Jerry Kopel

By Jerry Kopel

6/15/06

 
In poker and in politics, perception means a great deal. But of course it depends on whose perception we are writing about.
 
The Denver Mayor's office and Xcel Energy corporation have reached agreement to continue a 20 year exclusive franchise to deliver gas and electricity to the city until December 31, 2026. The vote by registered Denverites will beheld at the August 8th primary election.
 
Xcel believes the voters will vote for the franchise. I don't know what the Mayor's office believes. We know Denver doesn't have the funds to start its own energy company. But Xcel's  perception that voters have no choice might not be the same perception as the voters.
 
Here are some of the perceptions that Xcel may have to overcome:
 
  • Denverites who paid through the nose this past winter, and especially those who suffered power outages on Feb. 18th lasting from 30 minutes to four hours, are still angry and seeking revenge.
  • Xcel's quickness almost immediately to blame colder weather than normal , generator breakdown, and shortfall of gas supplies.
  • On May 17th, Xcel's CEO  chairman Richard Kelly called the events a "miscalculation". He denied a wholesale supplier of power could have responded quickly enough. The supplier, Tri-State "said it could have run additional power plants if Xcel had requested" according to one Rocky Mountain News article and in another article "home heating bills, on average, rose 35 to 40 percent in Colorado during the peak winter months."
  • $14 million paid in 2006 to Wayne Brunetti, former Xcel chairman and chief executive.
  • A $200 -210 million rate increase  sought by Xcel from electric power users which will cost the average residential user $78.24 more per year beginning Jan. 1, 2007.
  • Colorado's Public Utilities Commission (PUC) will  likely take written documents on the Xcel rate increase proposal in June, but will not hold public hearings on the various changes sought by Xcel until September, AFTER the August election vote, and issue its opinion in December, which would be AFTER a possible November election.
 
Part of the Xcel rate hike proposal before the PUC, according to the RMN, would include a late charge.
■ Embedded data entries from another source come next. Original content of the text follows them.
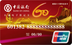 Bank of China launched Great Wall Commemorative Debit Card for the 60th Anniversary of the People's Republic of China on the occasion of the 60th anniversary of the People's Republic of China. Characterized by fashion, magnificence and vitality, the card consists of lined Great Wall, Marble Ornamental Column and Tiananmen Square, which signify rapid development of China during the past 60 years.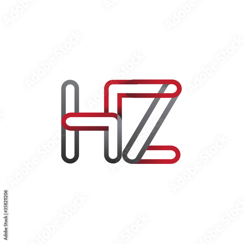 initial logo letter HZ, linked outline red and grey colored, rounded logotype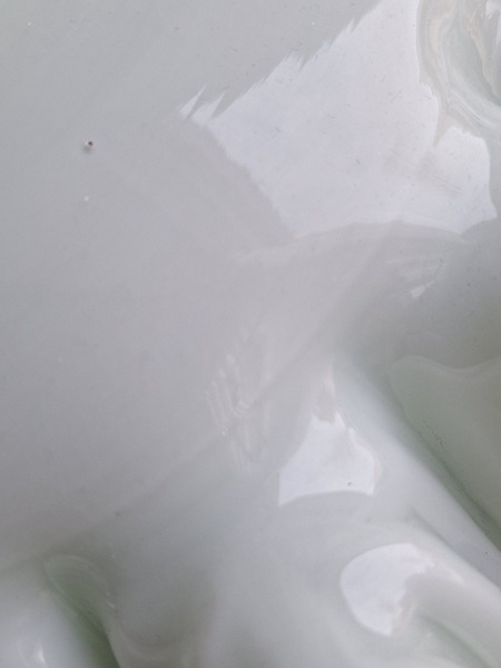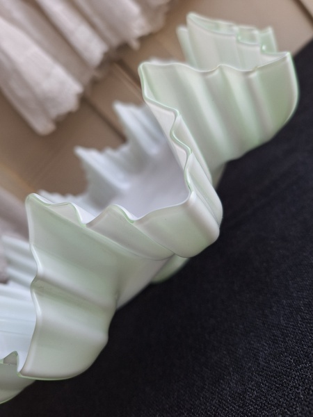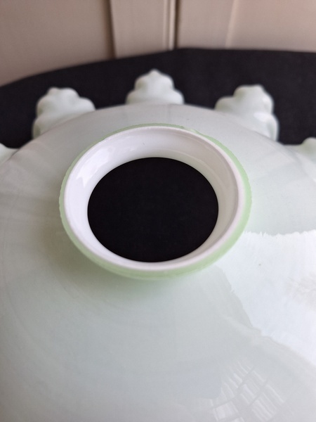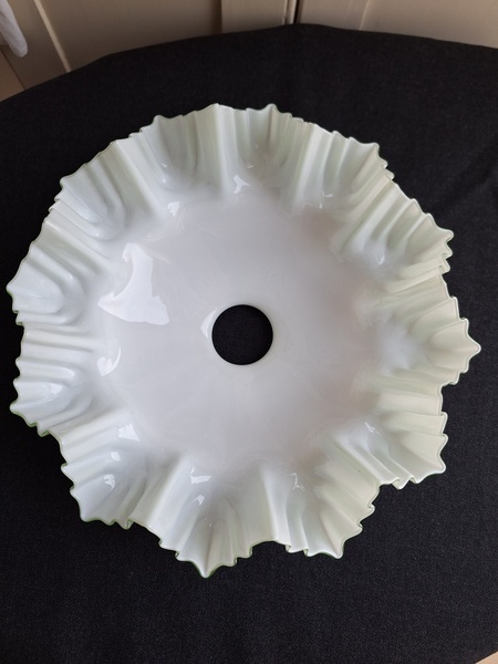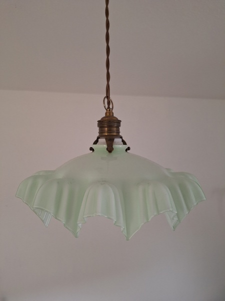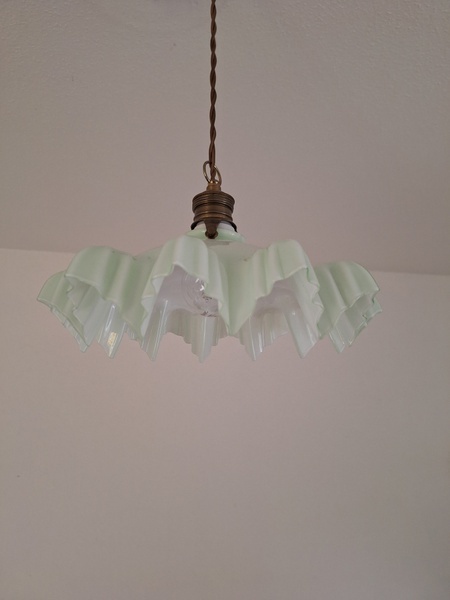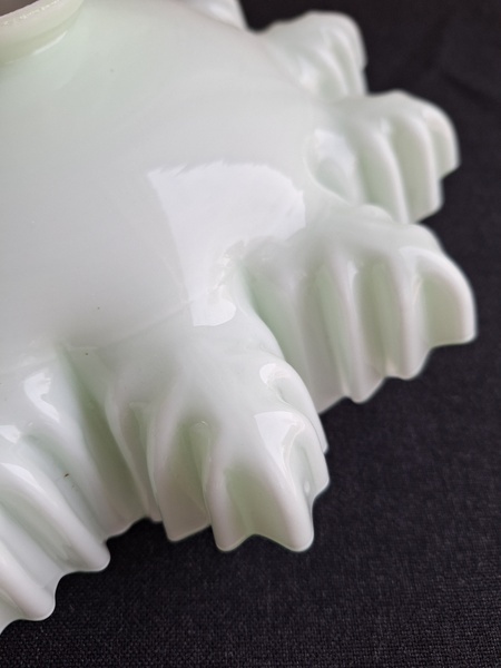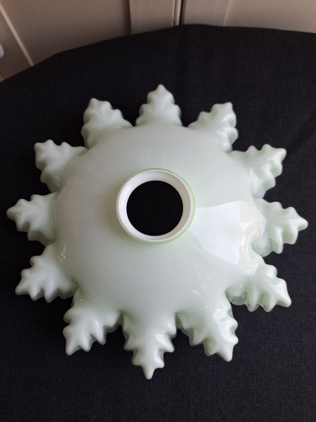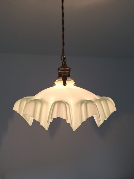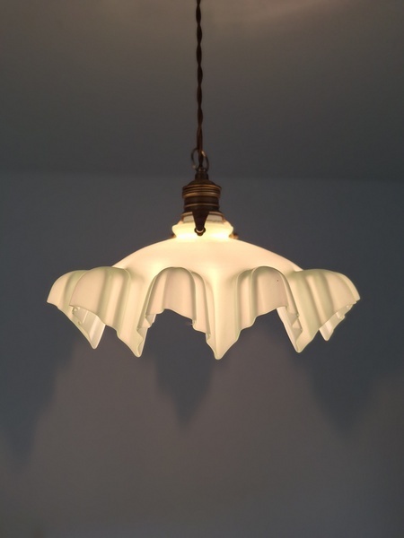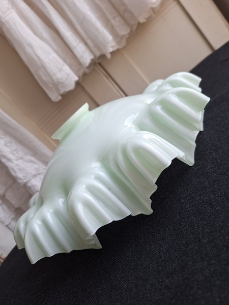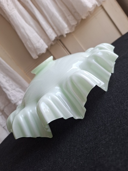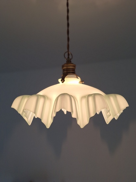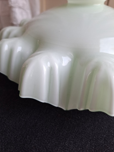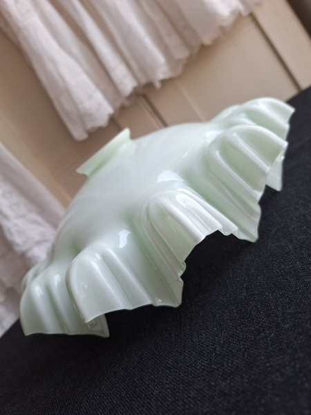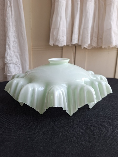 アンティークグリーンオパリンガラスシェードです。こちらのフォルムは久しぶりに出逢いました。この数年でぐっと数が少なくなり、相場が高くなっています。金具を取り付ける箇所にチップがあります。このシェードに多いコンディションです。金具内に隠れるので気にならないと思います。他、とても良い状態です。冬はランプの優しい灯りで過ごす時間が長くなりましたね。冬の穏やかな時間をシェードでお楽しみください。フランス/1940年代ごろ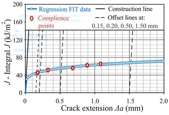 Based on the obtained data, a J-∆a curve diagram was constructed on which the fitting line is constructed according to the ASTM E1820 standard. JIC was obtained from the intersection of the parallel line with the construction shifted by 0.2 ∆a and fitted J-∆a curve. From the size of the critical JIC integral, the value of the critical stress intensity factor or the fracture toughness at straight deformation KJIC can be calculated using the dependence (Equation (7)) [7]: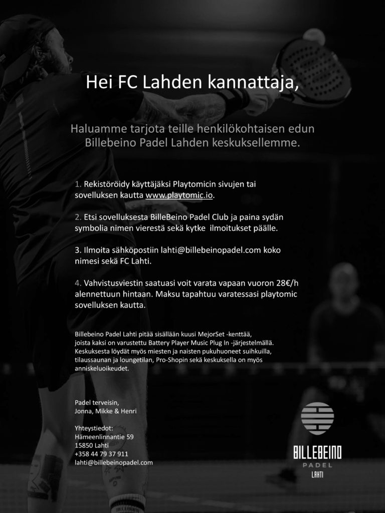 FC Lahti sekä Billebeino Padel yhteistyöhön! Yhteistyön myötä FC Lahden seuraajat saavat käyttöönsä edun, joka mahdollistaa entistä edullisemman padel-kentän käytön.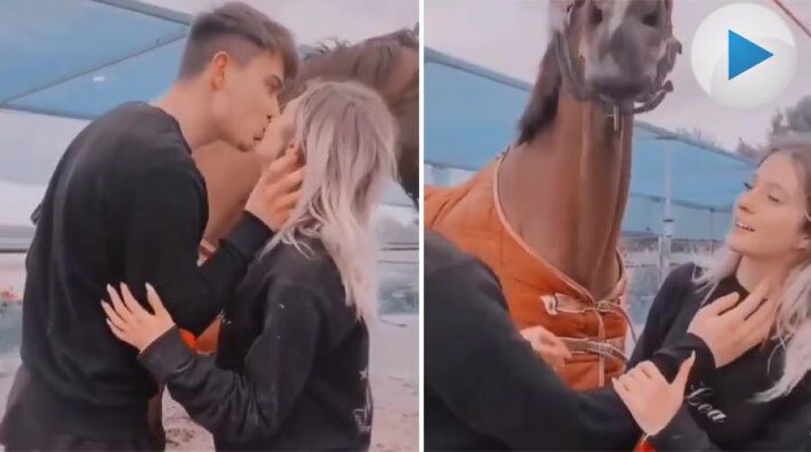 Den här hästen gillar inte att dela uppmärksamheten. Den tar helt enkelt och bryskt avslutar pusskalaset.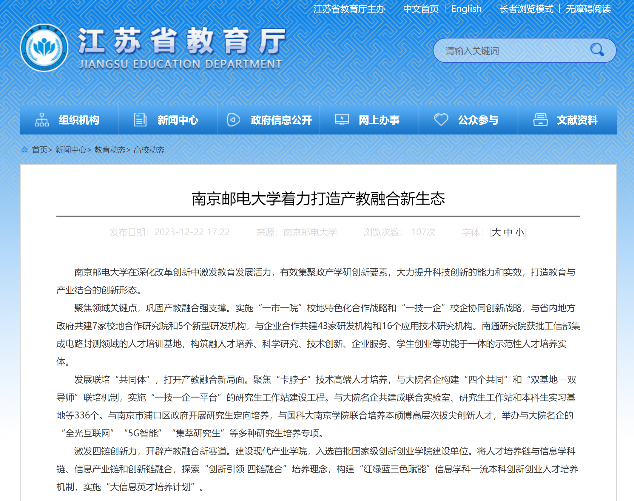 【省教育廳官網】南京郵電大學著力打造產教融合新生態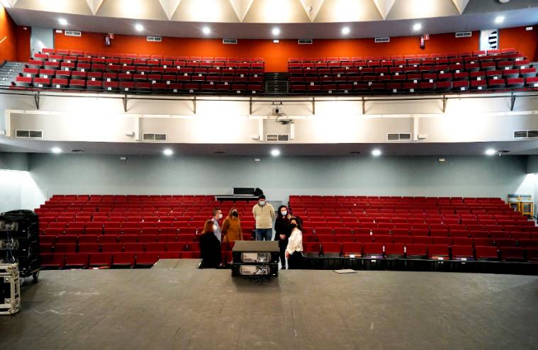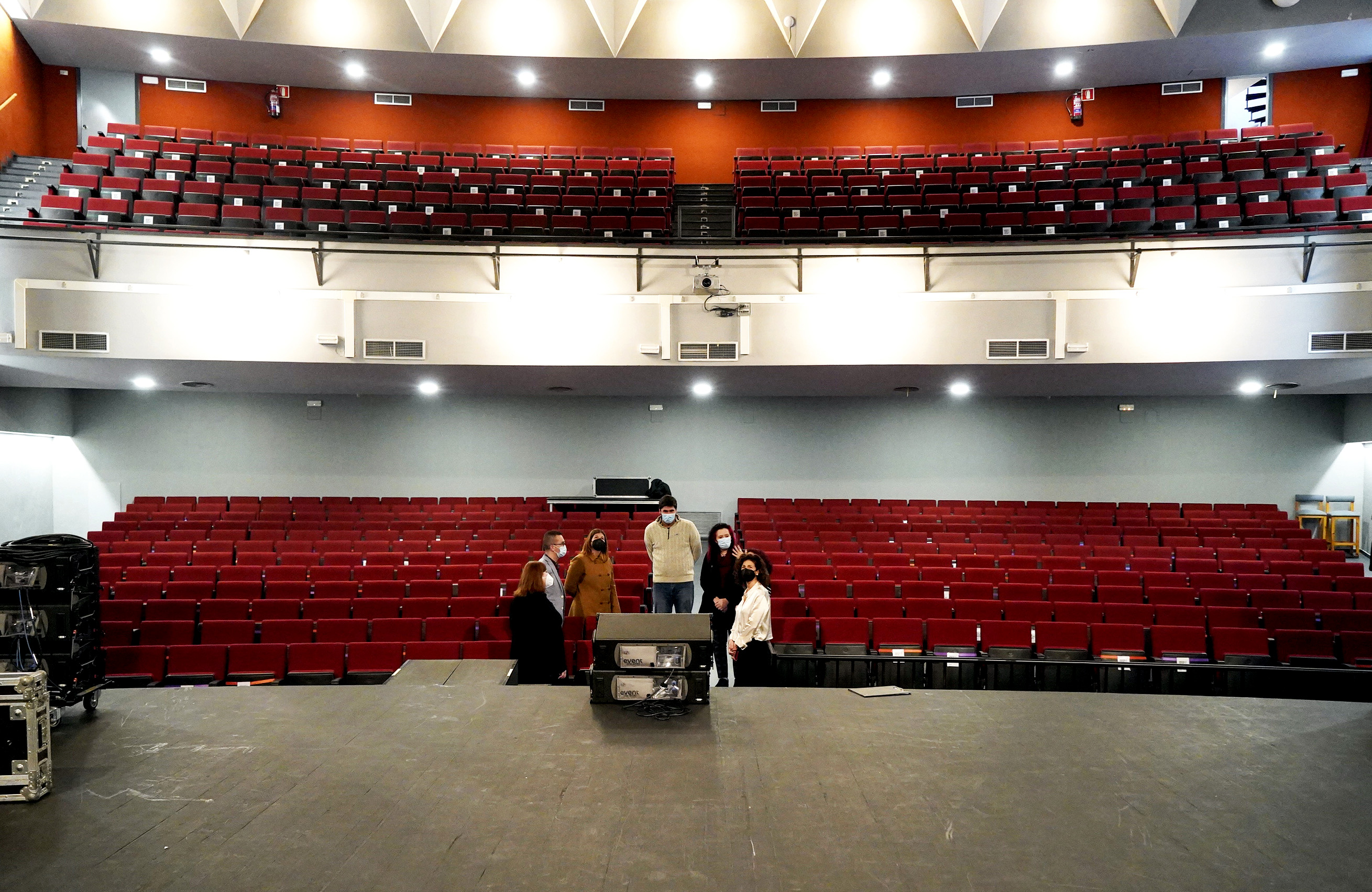 La Alcaldesa, Noelia Posse, acompañada por el Concejal de Seguridad, Convivencia, Cultura y Transición Ecológica, Álex Martín, el Concejal de Mejora y Mantenimiento de los Espacios Públicos, David Muñoz, y la portavoz de Podemos, Mónica Monterreal, ha visitado el teatro del Centro Cultural Villa de Móstoles esta mañana para comprobar el resultado de los trabajos realizados.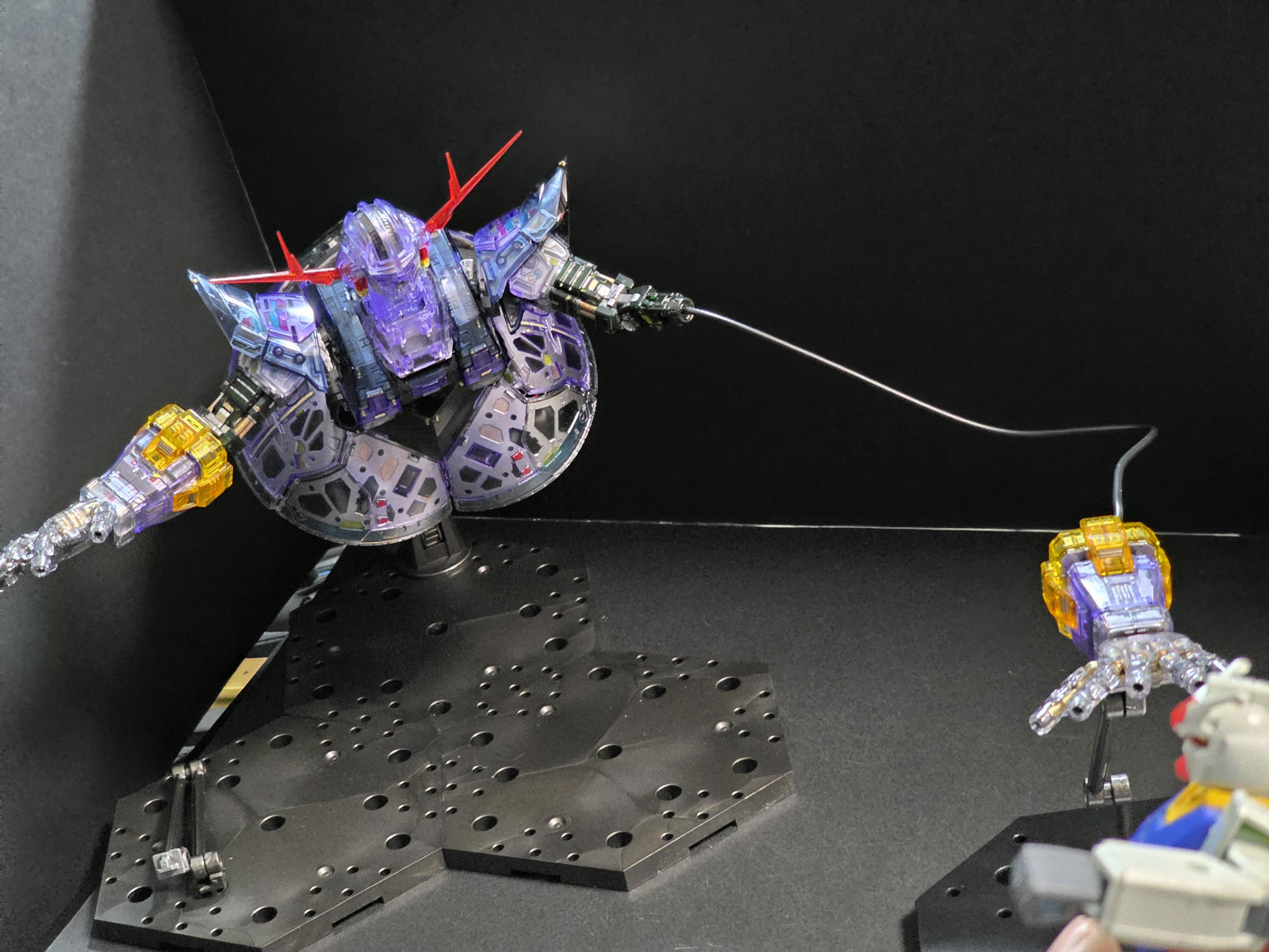 遡ること数ヶ月。初めて当選したガンダムベースを息子氏と訪れた時に購入したRGジオングクリアカラーバージョン。ちょうど「ジオング作ってみたい」と息子氏が言っていて、中古のHGにするか、近々再版予定のRGにするか、と話していたところに出てきたガンベ限定アイテム。スペシャルコーティングもあったが、お値段的にも手頃なクリアカラーを選択してしばーらく積みプラしていたもの。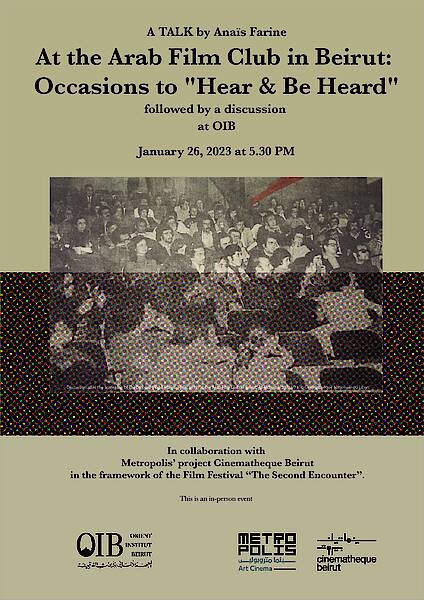 This talk traces the history of the Arab Film Club in Beirut, a film-society established in 1973 that testifies to the growing importance of alternative Arab cinema of the times. This cinematic movement started in Damascus in 1972 and was characterized by an innovative approach to film forms and narratives while participating in the political struggles of the global 68. The talk aims at documenting the activation practices around films that were part of the alternative cinema movement and explores specifically this little-known history of cinema in Lebanon by questioning the politicization of ‘cinephilia’ in the early 1970s in the country, as well as the current patrimonialisation of some films made and/or screened by members of this initiative.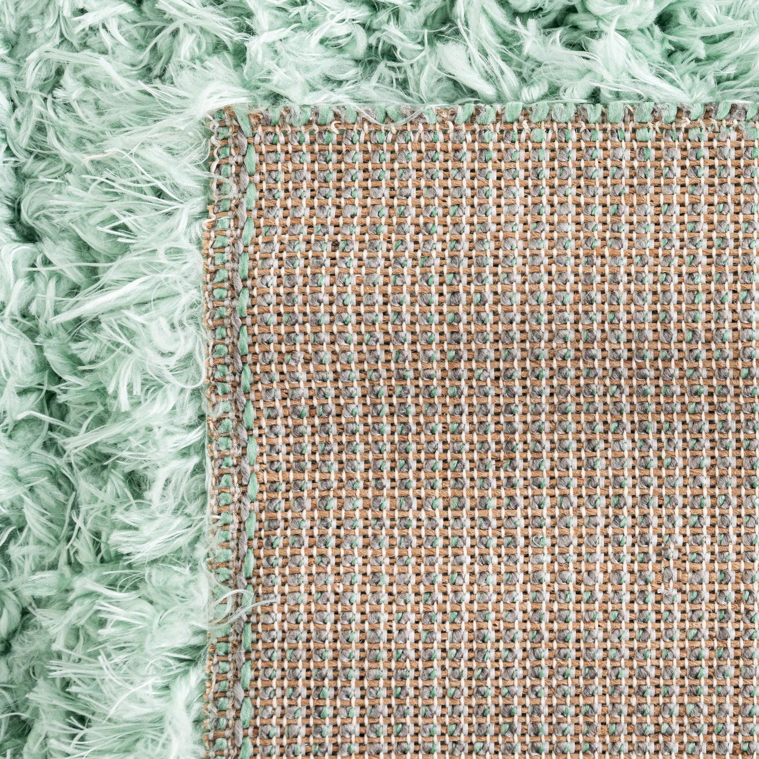 A lush, high-pile shag in a clean cyan hue creates a soft, monochromatic surface with a gentle, rippled texture. The dense polyester fibers reflect light differently across the pile, giving the rug subtle depth without any defined pattern. Machine made from 100% polyester, the construction yields a cushiony, velvety hand that invites bare feet and adds tactile warmth to any room.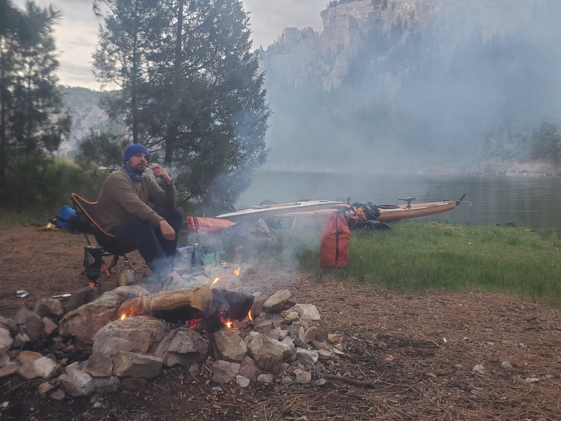 I even got to safely check off an item I’d been wanting to experience on my list: to see a bear. As we entered the canyon, halfway up one of the hillsides was a black bear with its cub. I got a pretty good look with my binoculars. We paddled a few miles into the canyon before finding what’s probably the best campsite I’ve ever stayed at. Jim and I set up camp, built a fire, enjoyed a few beers and some nips of whiskey, shared good conversation and some warm dinner, and were in bed before it even got dark.
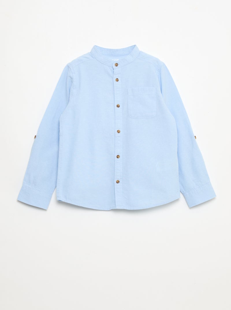 Chemise col mao en coton uni - Bleu

The 15 day time frame for payment begins when Xcel puts the bill in the mail, regardless of when it is delivered. The 15 day period ends when the customer's check has been delivered and posted by Xcel.
 
Colorado customers are already receiving "courtesy phone calls" from an Xcel recording, indicating "your payment has not been received" as early as three days after due. Our check had been sent to Xcel's Minneapolis office a day before it was due.
 
Mrs. K, a tiger on such issues, spoke to a service representative, a supervisor, and a "super" supervisor in order to obtain information on the new policy. The latter said the "courtesy calls" were new but blamed the Denver Post office for the delay. By the time Mrs. K spoke to the "super" supervisor, he found our check had been received.
 
If the PUC granted Xcel the right to post a late charge, it would begin as 1.5 percent on the month's bill. But if based as an annual charge on the same debt, it is 18 percent. Xcel claims an average $2 monthly late charge, but are you average?
 
                                                            * ** *
 
The franchise agreement worked out between the mayor's office and Xcel will provide additional benefits to the city. Along with larger payments there will be greater control without cost to the city over relocation of power poles, wires, etc.
 
However, additional franchise fee money to the city results from eliminating an exemption on the franchise fee's first $12.50 each for gas and electric users. It passes to the city through the conduit of Xcel. This amounts to $2 million annually in extra money from Xcel customers with an average cost increase of $9 per year.
 
There is nothing in the franchise agreement regarding use of the extra money, nor in the ordinances which take effect when the voters approve the  franchise extension.
 
The present mayor has promised the money will be used to  help pay gas and electricity costs for a low-income-assistance fund. Since it is not specified in the new franchise agreement that it will be paid out for such purposes, what happens under a subsequent mayor, or when an emergency budget need intervenes?
 
According to testimony at the city council public hearing, the agreement allows Denver to place controlled  cameras on poles which "can be used to catch grafitti offenders in the act. "  There are other major cities that do have such cameras installed.
 
The "20 years" in this franchise agreement is the ceiling, and not the floor. The mayor, according to one newspaper article, wanted a 10-year period, but didn't get it. The 20 year franchise bolsters the company's credibility in dealing with suppliers and investors.
 
If the August vote loses, another franchise election will be held in November. If the November vote fails, a separate bill passed will allow an election to be held again  before April Ist, 2007.
 
In my opinion, ten words on the minds of voters will defeat the franchise at the August election: Xcel...power loss...rate hike...executive pay...monopoly...20 years.
 
Perhaps voters by venting their anger in August will allow a renegotiated franchise bill to pass in November.